Yeah, for sure. I know your organization is very focused on doing this at a granular level. It's not just a big picture. There's also detailed picture. And I'm wondering, are you seeing differences in either the geographies across the United States, some areas hotter than others in terms of spending growth or in the verticals, certain categories, seeing spending more than others, or is it across the board everything you just said is true for everybody?

Gordon Borrell:

No, it's clearly... it's interesting,

If you look at Canada versus the United States, you see some lag there because the pandemic was a little bit longer of a lockdown. They had a very different policy toward cannabis, for instance. Little things like that. And so you see some lag in types of businesses and growth rates and things like that between the two countries.

But then if you look at the verticals, Gordon, what happened is a phenomenal thing. During the pandemic from midyear 2020 until today. There has been a tremendous growth in business applications. And it's true that I think the figure is 75% of them will fail within 10 or 12 years, something like that. And that's probably still true. But if you boil down to or drill down to the Census Bureau statistics department's data on high propensity businesses, you see where all the growth is.

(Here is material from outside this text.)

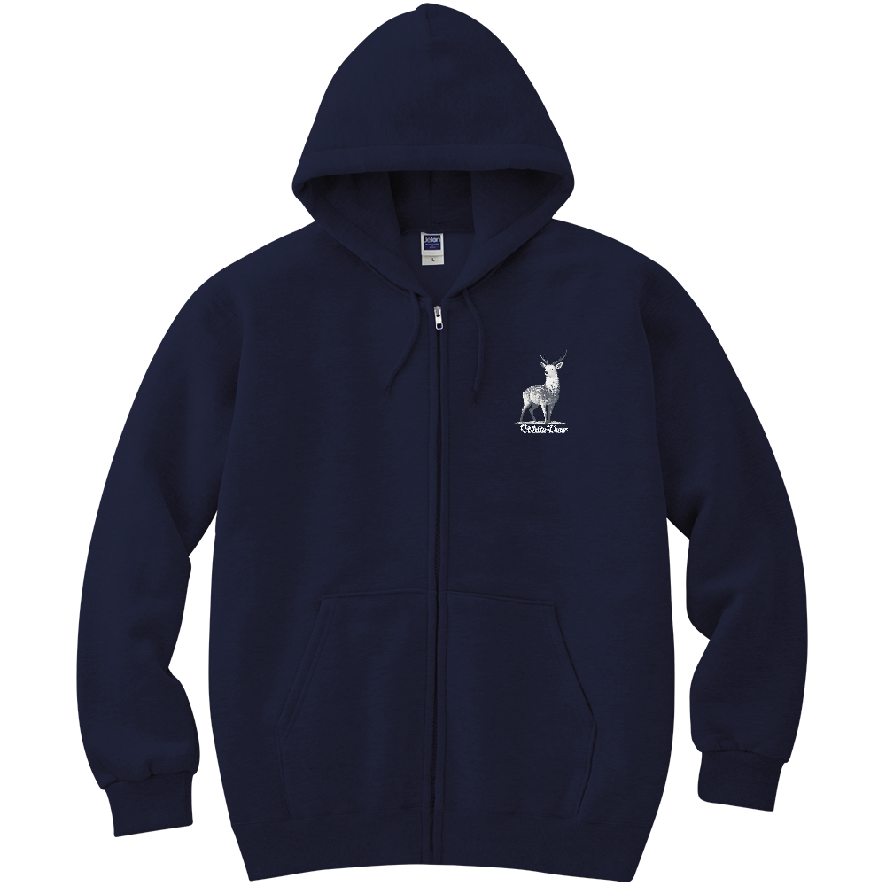 胸元には白鹿の写真と「White Deer」のロゴを配置。

These are businesses that the federal government tags as being highly likely to succeed. In other words, they're not the ones that they're going to fail, the 75% that'll fail in 10 years. And within that group, the way they tag those is they already have a payroll, they already have open positions, so they're hiring, sometimes they're part of a corporation, et cetera, et cetera. And they're in certain trades, and this is where we see the growth construction's booming. If you haven't gone out and taken a drive lately. Real estate is doing really, really well. Professional services, we see a lot of people in a lot of migration from big cities, particularly boomers and early retiring Gen Zers I guess, or Gen Xers and moving back home or moving to resort areas or places where they have a second home and they want to live, then they start side professions or side businesses. That's a portion of it, not all of it.

Information services of course, because we have this flood of information and the need to manage them. And retail trade. People are just buying like crazy, still buying. Most of it seems to be online, but it comes from retail businesses. So those things are exploding with regard to where it's occurring in, so it's rural markets. We just did a whole study on the out west up into Boise, Idaho and maybe down south a little bit. But that whole corridor there where it's like, wow, there's just tremendous amount of growth there. And it's fleeing from the major urban areas. But the other thing, and if you look at the country and regions, it's the South. The South has had a tremendous amount of new business creation compared to any other of the quadrants in the US.

Gordon Henry:

I'm wondering whether AI is playing into this at all. You hear so much news about it. Is that still way at the kind of Google, Microsoft level, or are local businesses thinking about how do I integrate AI into what I'm doing?

Gordon Borrell:

Yeah. About four or five months ago, I was looking at AI and I'm one of those guys that just go, I'm not going to look at the new fad stuff until I can't ignore it anymore, and hope that it goes away. All this stuff about generative AI in particular had grown to such a din that it was like, wow, okay, we need to study it. So we put out a survey, I believe in July, and asked a panel that we have panel of about 2000 advertisers, not all of them respond, what they know about AI. And if you would ask me before that panel survey went out, I'd say nobody really knows about it.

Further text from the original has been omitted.